* Task brief
Where the lines below hold images, skip those and copy every word exactly.

* Supplied information
----

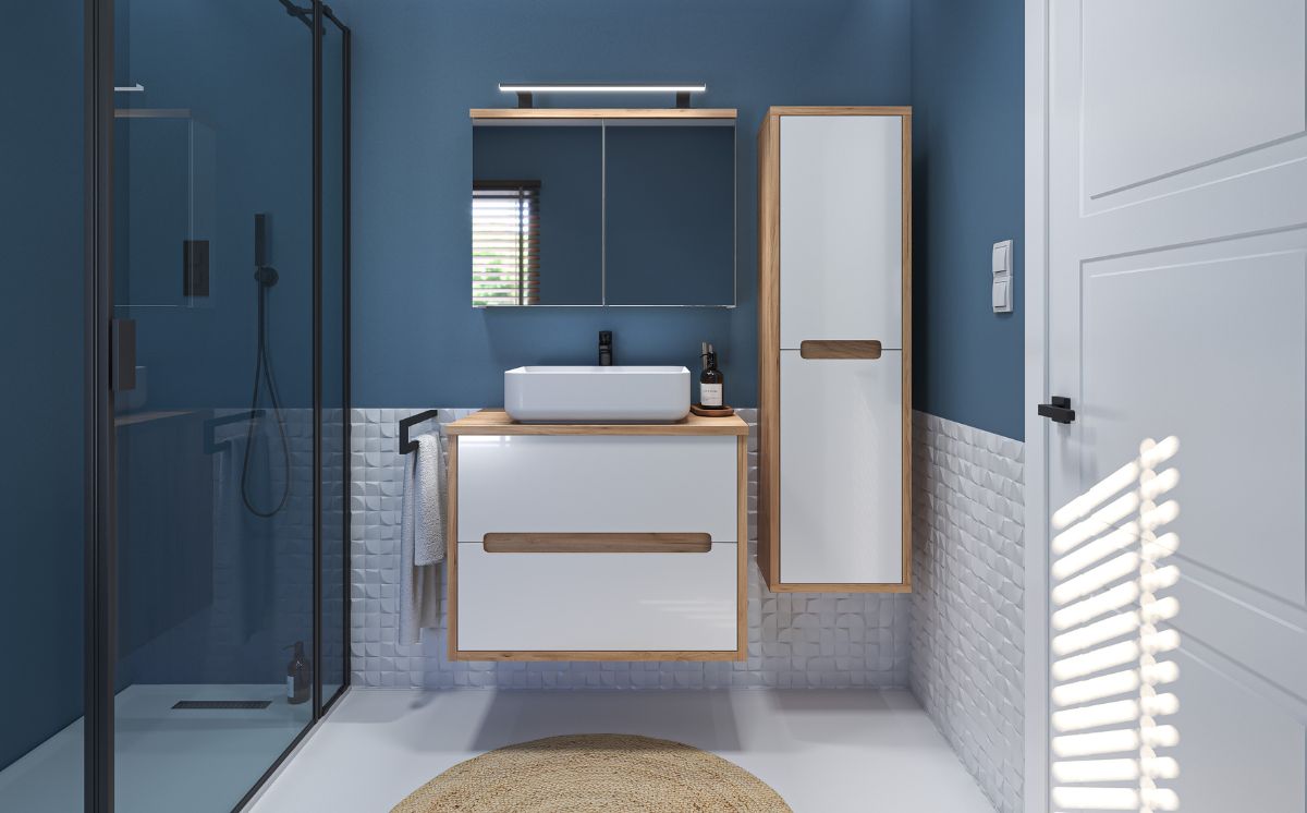 The key decoration of the furniture is a milled handle integrated with a golden oak cover. This is what gives the furniture its allure, attracts the eye and gives it character. NOBU furniture is an excellent choice for modern bathrooms in a cosy style.
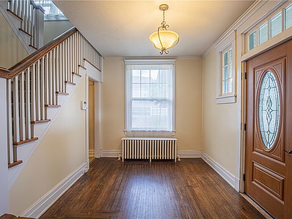 Uniquely charming home situated on a corner lot, located in the city of Uniontown. Concrete driveway turn around with detached garage and fenced in yard. Large rooms with high ceilings. There are 2 living room spaces and a formal dining room setting. A half bathroom on the main level, full bath on the second level and a tub on the third level with the potential to make it a full bathroom. Three bedrooms on the second level and 2 bedrooms on the third level! Hardwood floors and beautiful woodwork throughout the house!
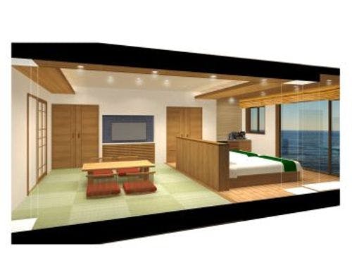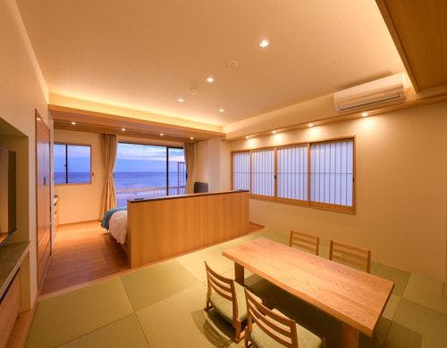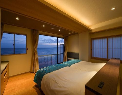 【 2022年リニューアルオープン!エグゼクティブツインルーム 那海 / 陽海 / 碧音 】さえぎるもののない180度の海景色と、水平線に浮かぶ伊豆七島の島影。客室露天風呂や大浴場からは、どこまでも広がる空と海の美しさが奏でる名画を愉しめる。お食事は伊勢海老や金目鯛などが並ぶ豪華な海鮮料理、良質の漁港を持つ稲取ならでは食材の饗宴を愉しんで…

----

* Response to this exercise
 The key decoration of the furniture is a milled handle integrated with a golden oak cover. This is what gives the furniture its allure, attracts the eye and gives it character. NOBU furniture is an excellent choice for modern bathrooms in a cosy style.
 Uniquely charming home situated on a corner lot, located in the city of Uniontown. Concrete driveway turn around with detached garage and fenced in yard. Large rooms with high ceilings. There are 2 living room spaces and a formal dining room setting. A half bathroom on the main level, full bath on the second level and a tub on the third level with the potential to make it a full bathroom. Three bedrooms on the second level and 2 bedrooms on the third level! Hardwood floors and beautiful woodwork throughout the house!
 【 2022年リニューアルオープン!エグゼクティブツインルーム 那海 / 陽海 / 碧音 】さえぎるもののない180度の海景色と、水平線に浮かぶ伊豆七島の島影。客室露天風呂や大浴場からは、どこまでも広がる空と海の美しさが奏でる名画を愉しめる。お食事は伊勢海老や金目鯛などが並ぶ豪華な海鮮料理、良質の漁港を持つ稲取ならでは食材の饗宴を愉しんで…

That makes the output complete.